Call the method index_audio (which results in calling index_audio_ibm or index_audio_cmu based on the given mode) prior to searching or accessing timestamps, unless you have saved the data for your previously indexed audio (in that case, load_indexed_audio method must be used)

You may see timestamps of the words that have been indexed so far sorted by audio files and the time of their occurance, by calling the method get_audio_timestamps.

You may saved the indexed audio data (which is basically just the time- regularized timestamps) via save_indexed_audio method and load it back via load_indexed_audio

Do exhustive search with the method search_all, do iterative search with the method search_gen or do regex based search with the method search_regexp

For more information see the docs and read usage guide.

Attributes:
mode : {“ibm”, “cmu”}

specifying whether speech to text engine is IBM’s Watson or Pocketsphinx.

src_dir : str

Absolute path to the source directory of audio files such that the absolute path of the audio that’ll be indexed would be src_dir/audio_file.wav

verbose : bool, optional

True if progress needs to be printed. Default is False.

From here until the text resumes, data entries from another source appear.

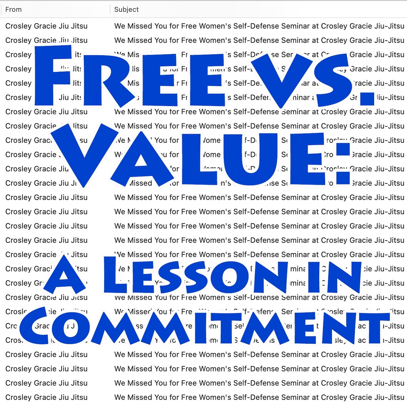An unfortunate reality in both society and our industry is that people often fail to value opportunities that are free of charge. At our Annual Free Women’s Self-Defense Seminar last week, we had 98 registrations, but 27 participants—nearly 30%—were no-sh
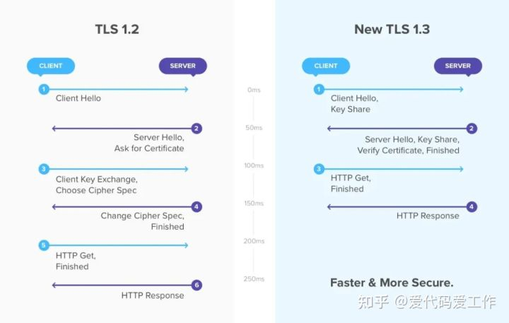 从TLSv1.2升级到TLSv1.3,只需要 1-RTT 就能完成 TLS 握手,而TLSv1.2 握手过程需要经过 2-RTT 才能完成握手(下面两个交互图最后两条交互是请求报文和响应,不归属与TLS)
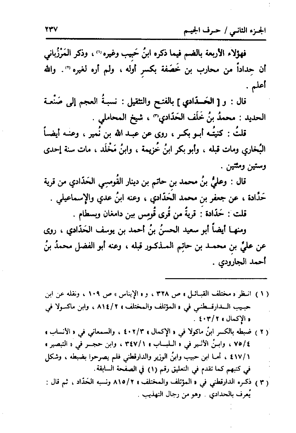 فَهَؤُلَاءِ الْأَرْبَعَة بِالضَّمِّ فِيمَا ذكره ابْن حبيب وَغَيره، وَذكر المرزباني أَن حدادا من محَارب بن خصفة بِكَسْر اوله، وَلم أره لغيره. وَالله اعْلَم.
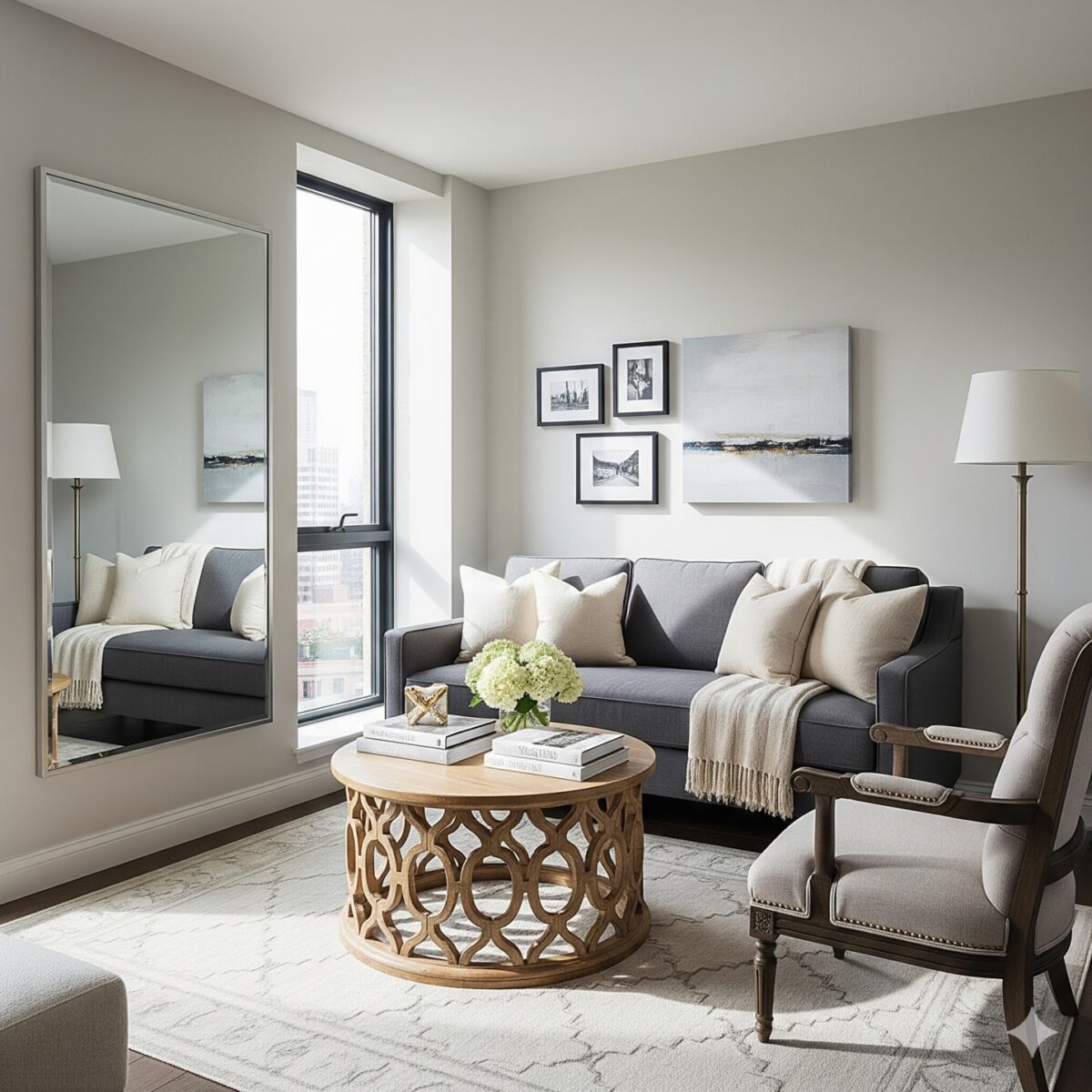 Mirrors reflect light and visually expand tight rooms—perfect for compact flats in areas like Dum Dum or Baranagar. Use large wall mirrors near windows or entryways.

ibm_api_limit_bytes : int, optional

It holds the API limitation of Watson speech api http sessionless which is 100Mbs. Default is 100000000.

Methods

get_mode()  
get_username_ibm()  
set_username_ibm()  
get_password_ibm()  
set_password_ibm()  
get_verbosity()  
set_verbosity()  
get_timestamps() Returns a corrected dictionary whose key is the original file name and whose value is a list of words and their beginning and ending time. It accounts for large files and does the timing calculations to return the correct result.
get_errors() Returns a dictionary that has all the erros that have occured while processing the audio file. Dictionary contains time of error, file that had the error and the actual error.
_index_audio_ibm(name=None, continuous=True, model=”en-US_BroadbandModel”, word_confidence=True, word_alternatives_threshold=0.9, profanity_filter_for_US_results=False) Implements a searching-suitable interface for the Watson API
_index_audio_cmu(name=None) Implements an experimental interface for the CMu Pocketsphinx
index_audio(*args, **kwargs) Returns a corrected dictionary whose key is the original file name and whose value is a list of words and their beginning and ending time. It accounts for large files and does the timing calculations to return the correct result.
save_indexed_audio(indexed_audio_file_abs_path)  
load_indexed_audio(indexed_audio_file_abs_path)  
search_gen(query, audio_basename=None, case_sensitive=False, subsequence=False, supersequence=False, timing_error=0.0, anagram=False, missing_word_tolerance=0) A generator which returns a valid search result at each iteraiton.
search_all(queries, audio_basename=None, case_sensitive=False, subsequence=False, supersequence=False, timing_error=0.0, anagram=False, missing_word_tolerance=0) Returns a dictionary of all results of all of the queries for either all of the audio files or the audio_basename.
search_regexp(pattern, audio_basename=None) Returns a dictionary of all results which matched pattern for either all of the audio files or the auio_basename
get_mode(self)

Returns whether the instance is initialized with ibm or cmu mode.

Returns:
str
get_username_ibm(self)
Returns:
str, None

Returns str if mode is ibm, else None

set_username_ibm(self, username_ibm)
Parameters:
username_ibm : str
Raises:
Exception

If mode is not ibm

get_password_ibm(self)
Returns:
str, None

Returns str if mode is ibm, else None

set_password_ibm(self, password_ibm)
Parameters:
password_ibm : str
Raises:
Exception

If mode is not ibm

get_verbosity(self)

Returns whether the instance is initialized to be quite or loud while processing audio files.

Returns:
bool

True for being verbose.

set_verbosity(self, pred)
Parameters:
pred : bool
get_timestamps(self)

Returns a dictionary whose keys are audio file basenames and whose values are a list of word blocks. In case the audio file was large enough to be splitted, it adds seconds to correct timing and in case the timestamp was manually loaded, it leaves it alone.

Returns:
{str: [[str, float, float]]}
get_errors(self)

Returns a dictionary containing any errors while processing the audio files. Works for either mode.

Returns:
{(float, str): any}

The return is a dictionary whose keys are tuples whose first elements are the time of the error and whose second values are the audio file’s name. The values of the dictionary are the actual errors.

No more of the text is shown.